WHAT YOU SHOULD DO :: Your task is to write out every line of the data exactly. Drop the pictures.

[Data excerpts]
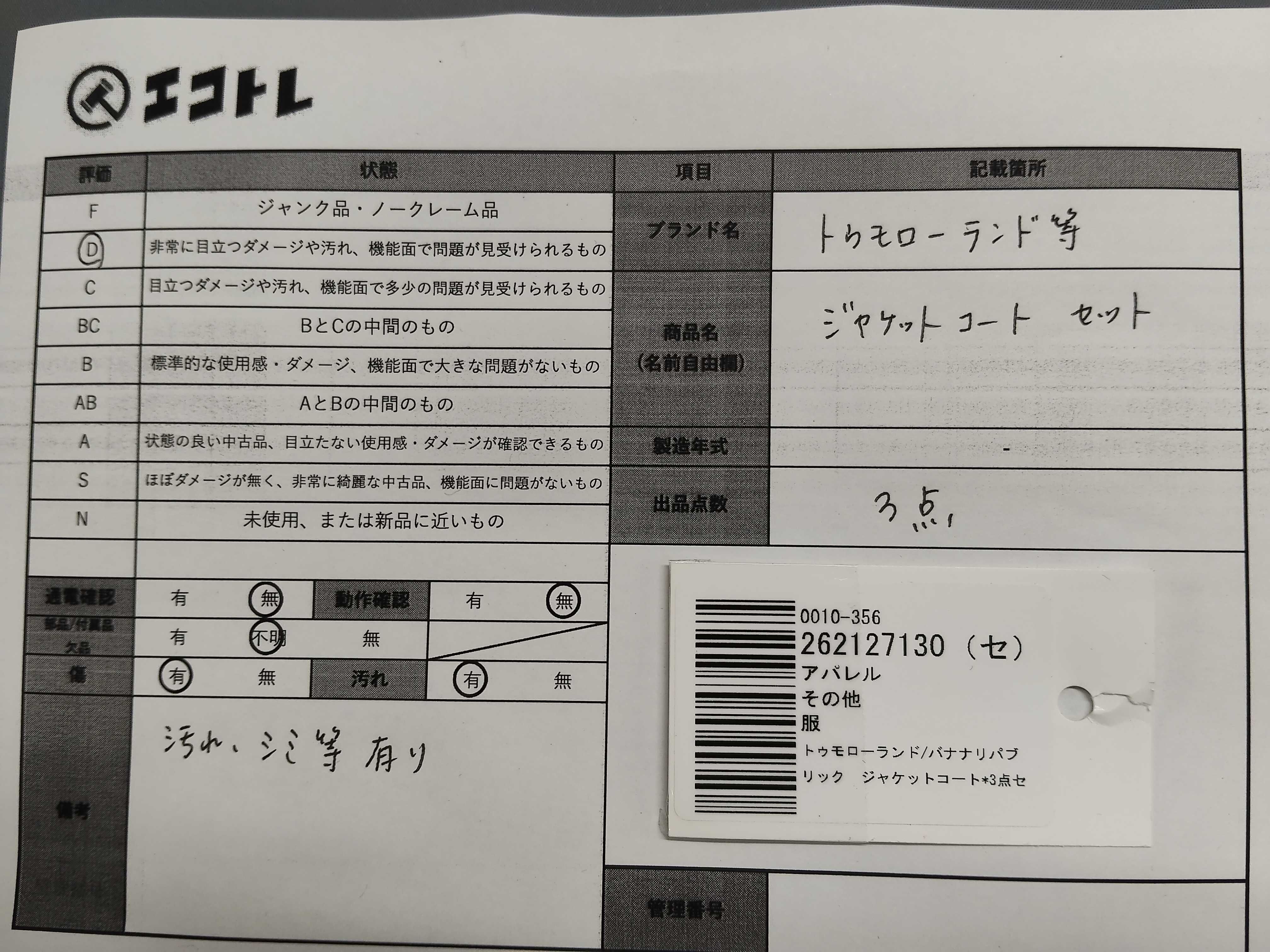 商品内容によって、JITBOXなどでの発送となる可能性がございます事ご理解下さい。年式などの商品情報詳細は写真にてご確認願います。※ご入札の際はご利用規約をよくお読みになってからのご参加お願いします。","タイプライン": "", "カテゴリ": "アパレル", "形状コード": "ジャケット", "付属品コード": "", "シリアル・シール・型番": ""
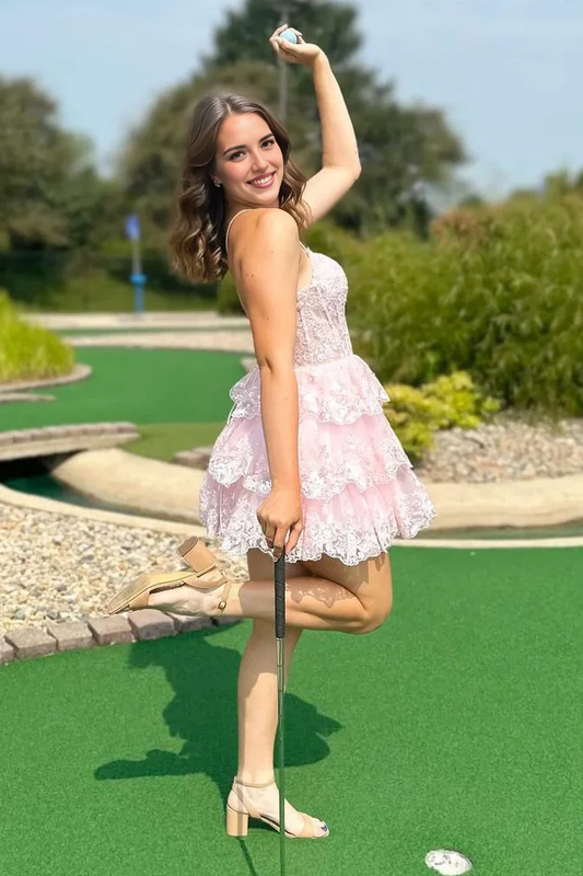 Sweetheart A-Line Spaghetti Straps Lace Short Prom Dress Charming Birthday Party Dress Lovely Graduation Dress Chic Homecoming Dress
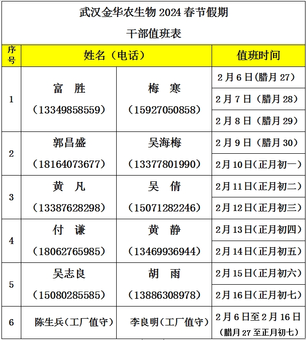 武漢金華農(nóng)2024春節(jié)假期干部值班安排
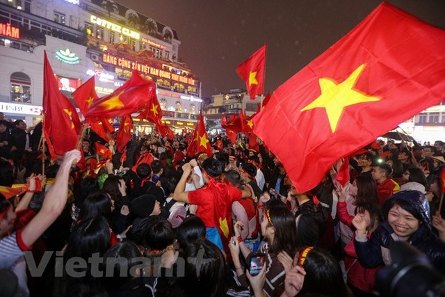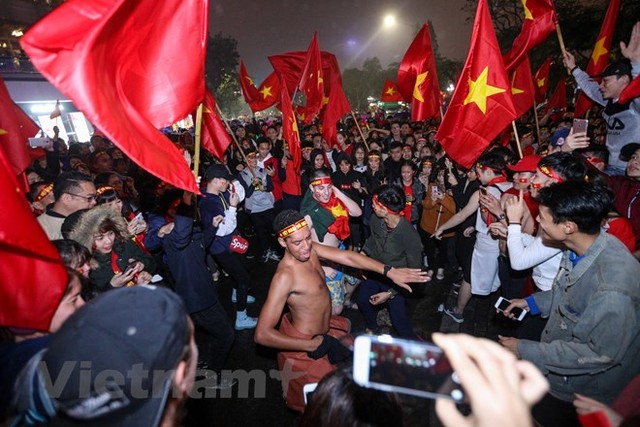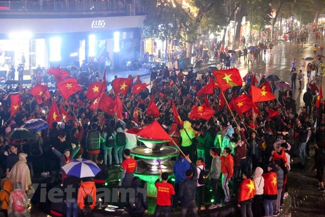 Ngay sau trận chung kết của U23 Việt Nam, hàng ngàn người hâm mộ vẫn nán lại khu vực hồ Gươm để ăn mừng
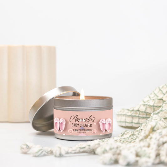 Personalized Baby Girl Shoes Baby Shower Candle Favors - Tin 4oz
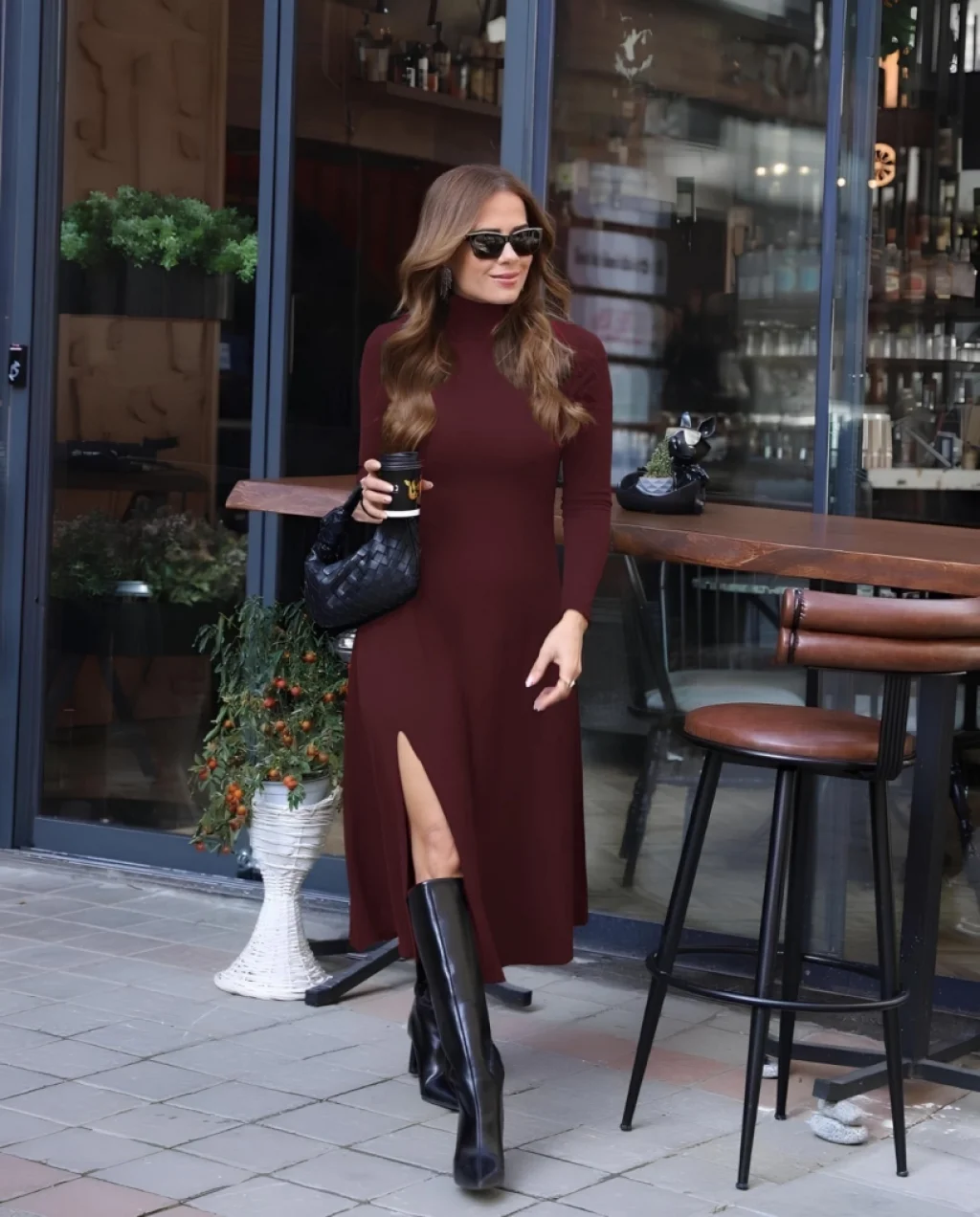 Kadın Uzun Kollu Bisiklet Yaka Yandan Yırtmaçlı Midi Triko Elbise

EXERCISE OUTPUT ::
 商品内容によって、JITBOXなどでの発送となる可能性がございます事ご理解下さい。年式などの商品情報詳細は写真にてご確認願います。※ご入札の際はご利用規約をよくお読みになってからのご参加お願いします。","タイプライン": "", "カテゴリ": "アパレル", "形状コード": "ジャケット", "付属品コード": "", "シリアル・シール・型番": ""
 Sweetheart A-Line Spaghetti Straps Lace Short Prom Dress Charming Birthday Party Dress Lovely Graduation Dress Chic Homecoming Dress
 武漢金華農(nóng)2024春節(jié)假期干部值班安排
 Ngay sau trận chung kết của U23 Việt Nam, hàng ngàn người hâm mộ vẫn nán lại khu vực hồ Gươm để ăn mừng
 Personalized Baby Girl Shoes Baby Shower Candle Favors - Tin 4oz
 Kadın Uzun Kollu Bisiklet Yaka Yandan Yırtmaçlı Midi Triko Elbise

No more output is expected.